Là où l’eau est rare, donc précieuse, il s’agit d’en maîtriser le flot pour la diriger où elle est utile, la retenir pour l’accumuler, puis la redistribuer le moment venu de manière efficace. Dans cette perspective, les barrages constituent un outil privilégié, mais d’une grande diversité. Le choix de leur implantation est essentiel, comme celui des techniques de construction mises en œuvre, parfois très simples, des murets de pierre, ou plus élaborées. Des dispositifs permettent alors de rejeter l’eau en excédent, de prélever celle qui est retenue, ou de vidanger l’ouvrage.

En Afrique du Nord, les barrages font partie des installations dont les traces ont été recherchées dès les premières explorations archéologiques, dans la perspective qui était alors celle d’une réactivation des techniques hydrauliques développées par les Romains. Les diverses enquêtes conduites en Algérie et en Tunisie n’ont pas manqué d’en relever les vestiges.

Il a donc paru intéressant, dans le cadre d’un programme de recherche consacré à l’eau dans les villes et les campagnes de l’Afrique du Nord («EauMaghreb») de l’Agence nationale de la recherche, de reprendre ce dossier pour tenter d’apprécier l’état des vestiges et ce que l’on peut savoir des techniques utilisées, sous le regard croisé des archéologues, des historiens et des géographes.

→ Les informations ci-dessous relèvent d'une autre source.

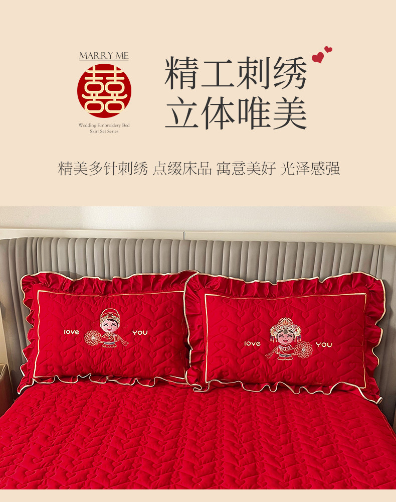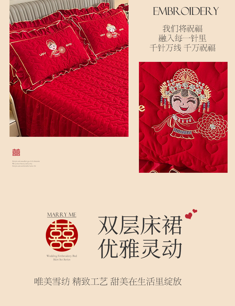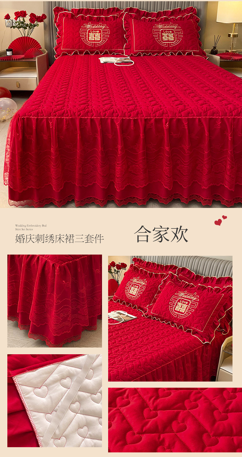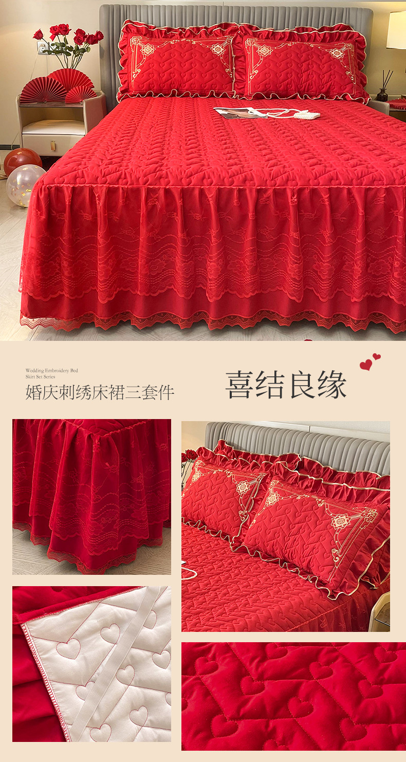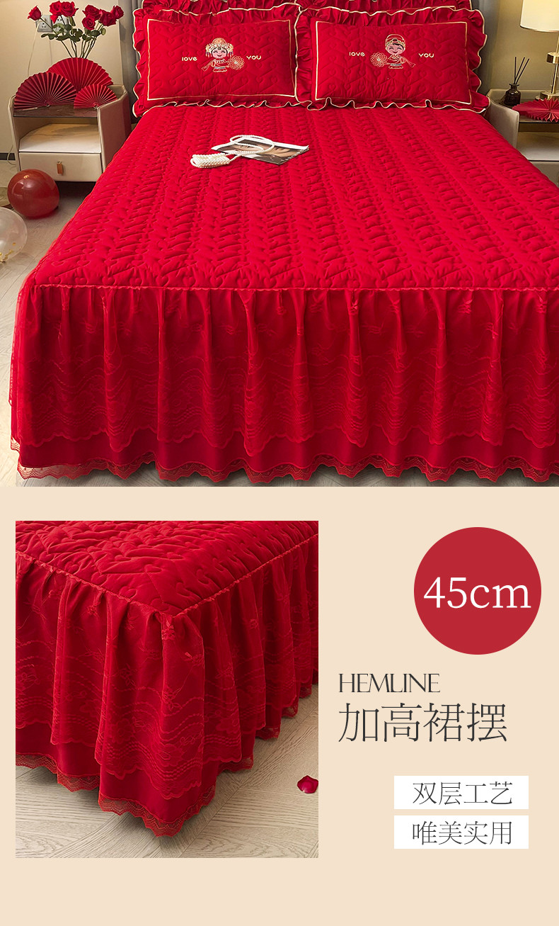 (总)宜凡家纺 2023新款亲肤磨毛婚庆夹棉床裙三件套
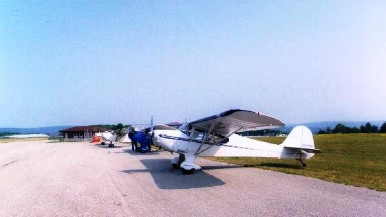 I pull up in front of the terminal. It’s 9:15, and I hit the restaurant in the terminal for a serving of strawberry shortcake. I add some oil, and get my wing tanks topped off with 100LL before departing. There is a light southerly breeze. The air gets a little choppy over the hills west of Glens Falls. It is hot. The cockpit is not nearly as drafty as it used to be, since I just put in a new windshield. I unlatch the pilot side door for some ventilation. Eventually I climb up to 4500’. The air isn’t any smoother, but the temperature is more comfortable. I’m just under the bases of the scattered cumulous clouds. I find myself to be a bit south of my intended track, so I crab a bit to the right. At Rome, NY, I crab back to the left to go south of the climb corridor out of Griffiths AFB, which is defunct, but still shown on the charts. By now I’m even with the cloud bases, so I tack slightly left and right to stay out of them. Soon I hit the Finger Lakes, and I start counting them off; Penn Yan Airport is at the head of the last lake. I lose count of the lakes and inadvertently fly directly over restricted airspace over Seneca AAF, but not to worry; this base is also defunct, and the air strip is X’d out. There is steady traffic departing runway 19 and landing on 28 at Penn Yan. I find out later that the local flying club is hopping rides for the populace.
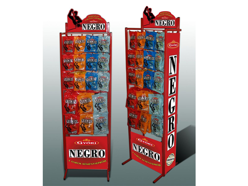 Több sorban felakasztható termékek bemutatására szolgáló display. Sok kommunikációs felülettel, melyek cserélhetőek, megújíthatók. Szétszedhető, jól mozgatható, tartós fém display megoldás üzletekben.
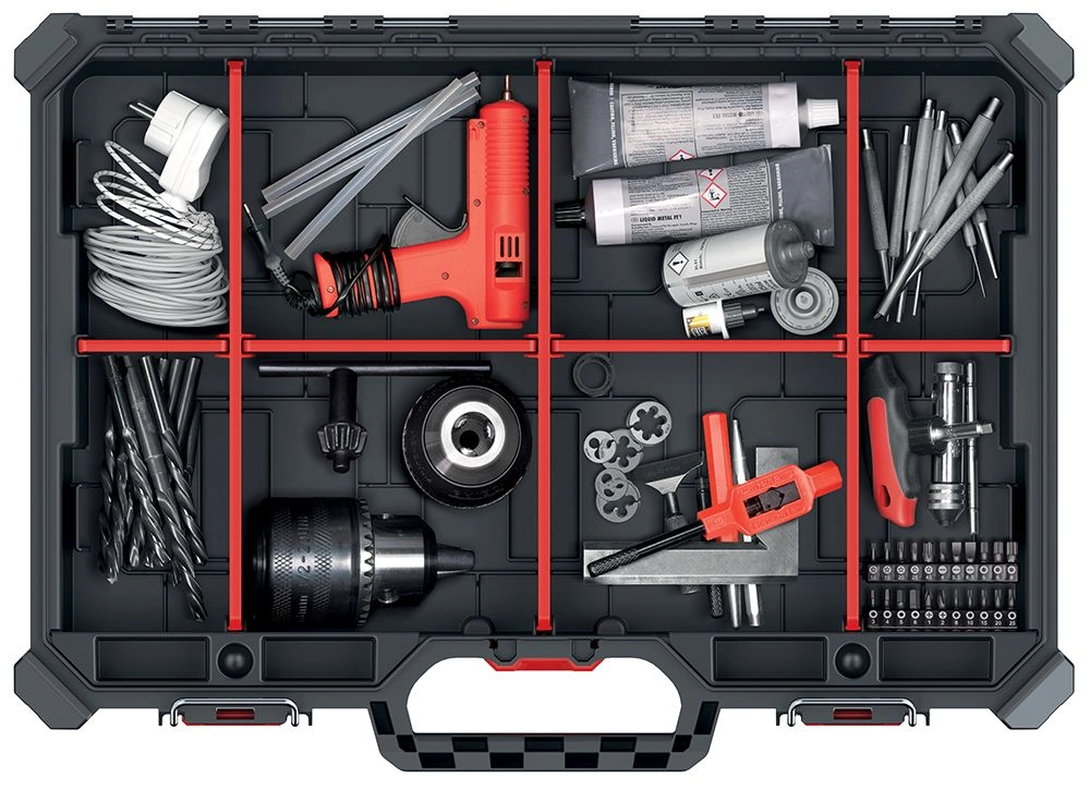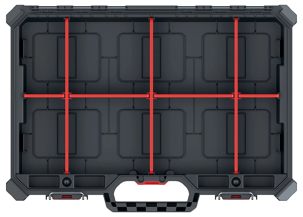 Díky nízkému profilu a pevnému madlu se organizér snadno přenáší a skládá do regálů či do auta. Kovové panty, ABS západky a těsnění po obvodu spolehlivě chrání uložené šrouby, hmoždinky či bity před prachem a vlhkostí.
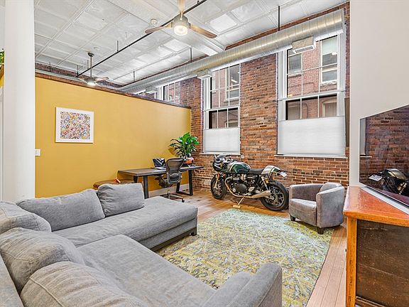 Embrace loft living in this expansive 1-bed plus study condo in the heart of downtown Lowell. Boasting 1,014 sq ft, the space impresses with 13-foot ceilings and 8 foot windows allowing plenty of natural light, amplifying its airy feel. Modern touches include 2-year-old Samsung kitchen appliances, a marble backsplash, and integrated smart home technology for ultimate convenience. Freshly updated and move-in ready, this unit offers basement storage and easy garage parking across the road for a small monthly fee. Steps from vibrant cafes, shops, and restaurants, it's perfect for those seeking a dynamic urban experience without sacrificing comfort.
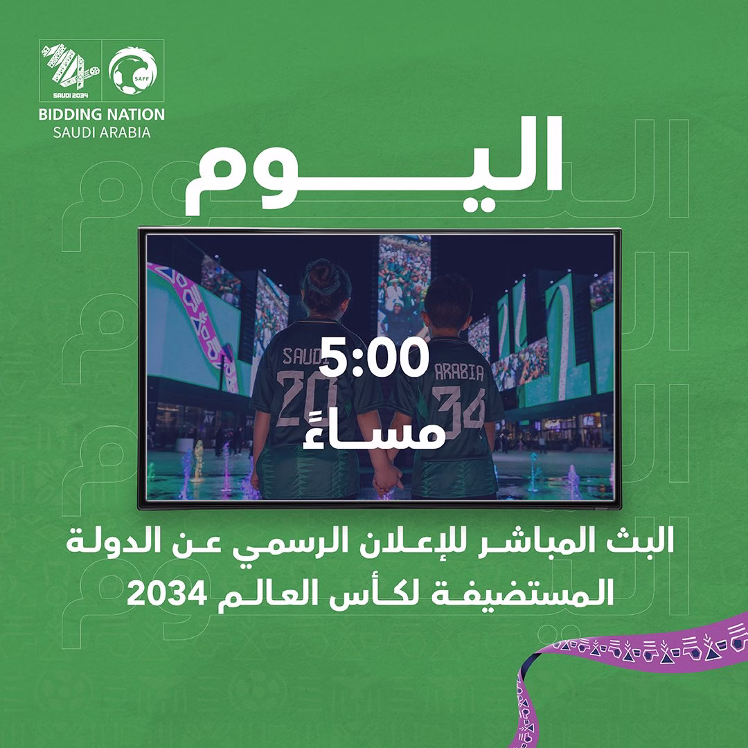 سمو #ولي_العهد يرفع التهنئة لـ #خادم_الحرمين_الشريفين بمناسبة فوز المملكة رسميًا باستضافة بطولة #كأس_العالم_FIFA™️ 2034.#السعودية34 | #أهلاً_بالعالم#معًا_ننمو#واس https://t.co/EiDsx6ouvs pic.twitter.com/oHcwcsqqRx — واس الأخبار الملكية (@spagov) December 11, 2024
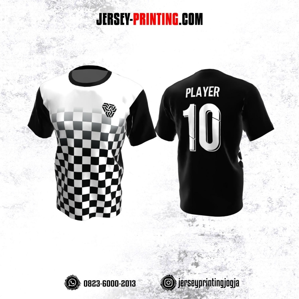 Jersey Atasan Badminton Volly Lari Futsal Hitam Putih Motif Kotak-kotak
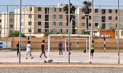 當(dāng)?shù)厍嗌倌暝陧?xiàng)目方修建的足球場內(nèi)踢球。
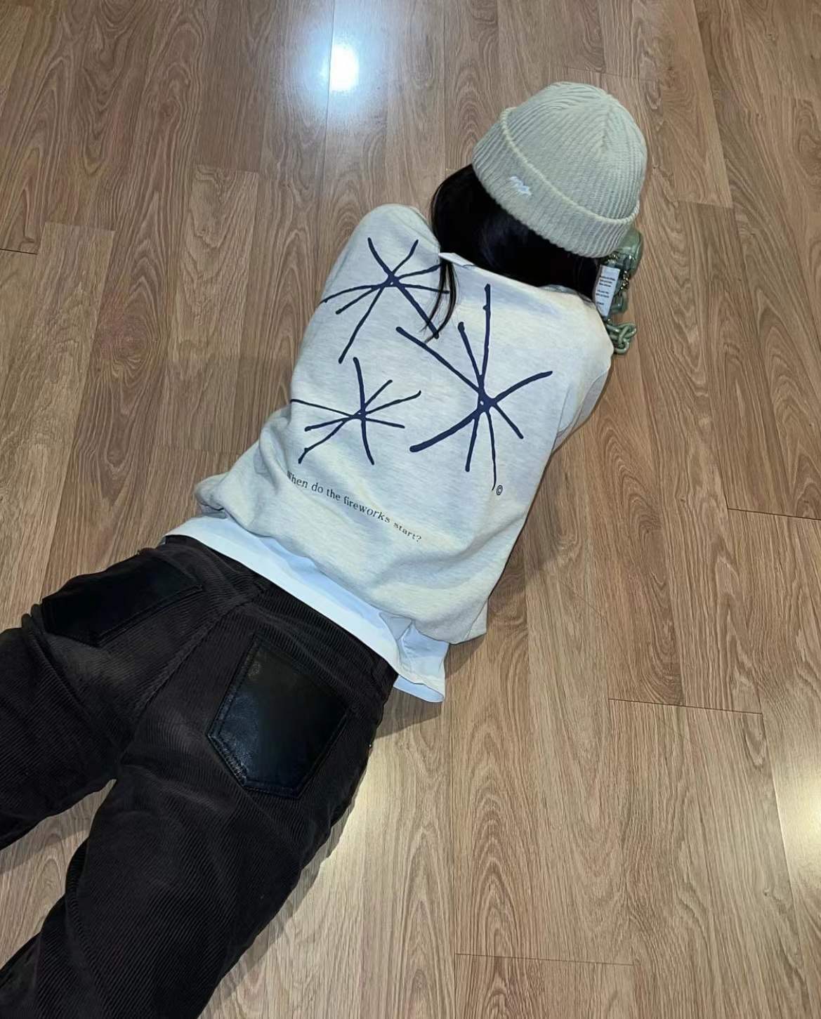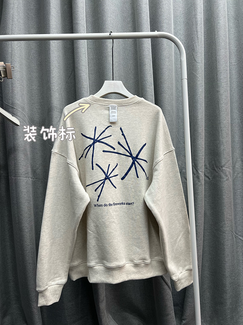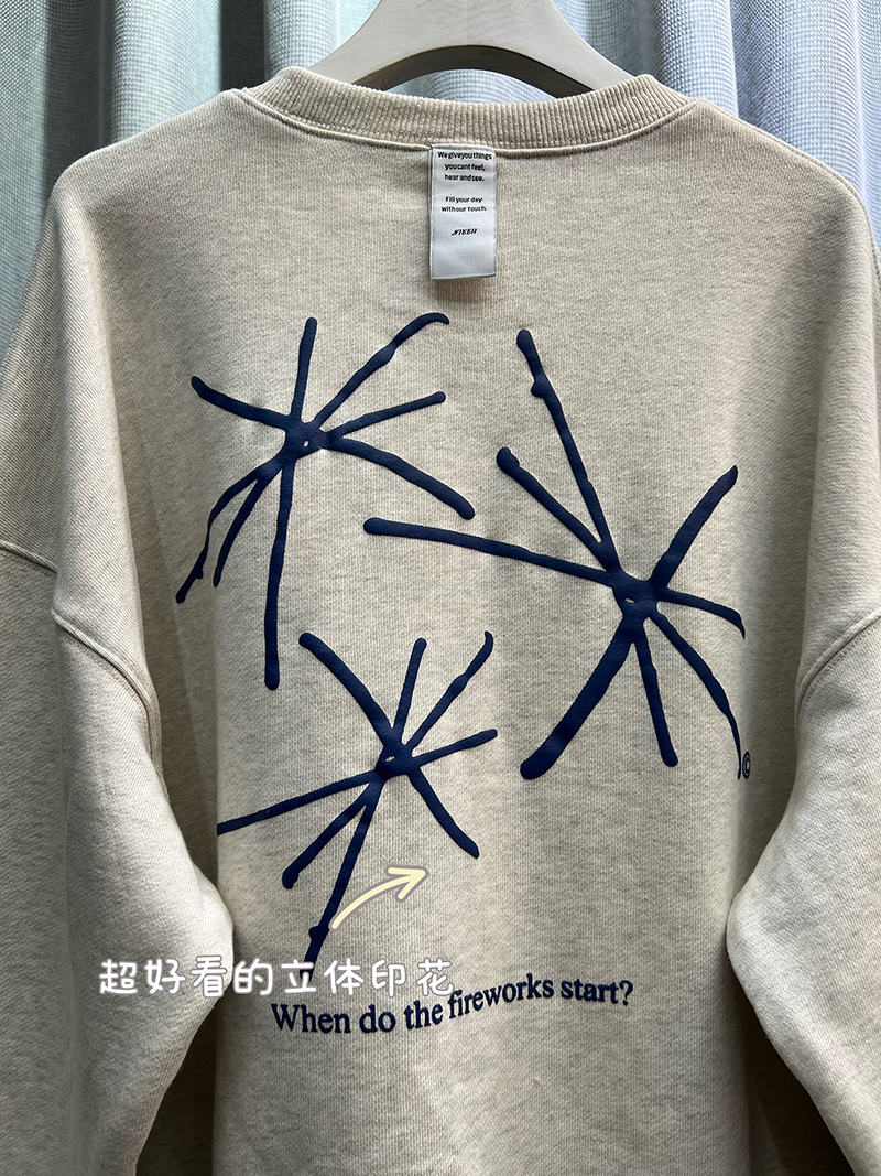 高版本NAMI韓國Jennie同款韓版淺灰色燕麥色抽象印花加絨衛衣女22

Mais il a également semblé pertinent, pour mieux dégager le caractère de ces aménagements dans le Maghreb antique, de les confronter à ceux d’autres régions dans lesquelles la situation est très favorable : la péninsule Ibérique, mais aussi la péninsule Arabique et les zones arides de Syrie, de Jordanie et d’Israël, qui comptent un grand nombre de barrages antiques ou proto-islamiques présentant une parenté évidente.

Dans ces régions en effet, une vingtaine de barrages, souvent très spectaculaires, sont situés dans le temps de manière précise grâce à une inscription de fondation qui donne une date ou fait mention d’un personnage connu. Ils offrent donc des repères chronologiques très précieux qui manquent ailleurs, notamment pour dater l’apparition de certaines innovations techniques et pour préciser les caractéristiques de ces ouvrages.

Le colloque avait donc rassemblé spécialistes du monde romain occidental, du Levant et de l’Arabie, dont ce volume présente les travaux.